§ **YOUR OBJECTIVE**
Beginning at the line containing "Quinceañera Black Fuchsia", repeat each line below exactly up to and including the line containing "I saw this Twin". Do not repeat the pictures.

§ **RECORDS FOR PROCESSING**
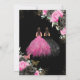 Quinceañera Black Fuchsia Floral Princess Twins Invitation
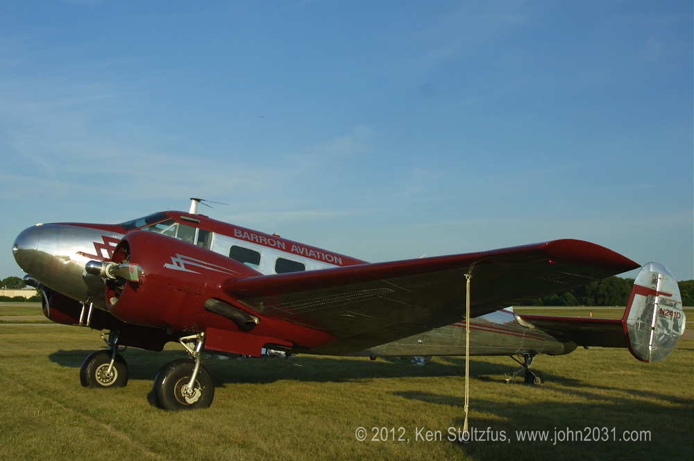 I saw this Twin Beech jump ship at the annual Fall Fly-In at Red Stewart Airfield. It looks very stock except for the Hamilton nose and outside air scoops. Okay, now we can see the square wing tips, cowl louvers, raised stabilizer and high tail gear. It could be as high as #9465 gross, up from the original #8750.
...
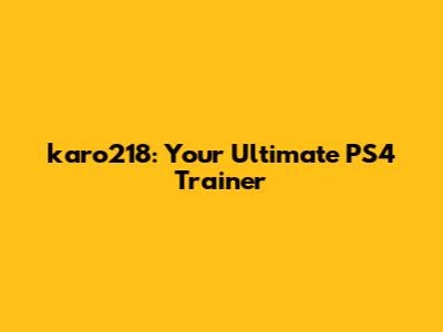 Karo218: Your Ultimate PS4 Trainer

§ **RESULT OF THIS TASK**
 Quinceañera Black Fuchsia Floral Princess Twins Invitation
 I saw this Twin Beech jump ship at the annual Fall Fly-In at Red Stewart Airfield. It looks very stock except for the Hamilton nose and outside air scoops. Okay, now we can see the square wing tips, cowl louvers, raised stabilizer and high tail gear. It could be as high as #9465 gross, up from the original #8750.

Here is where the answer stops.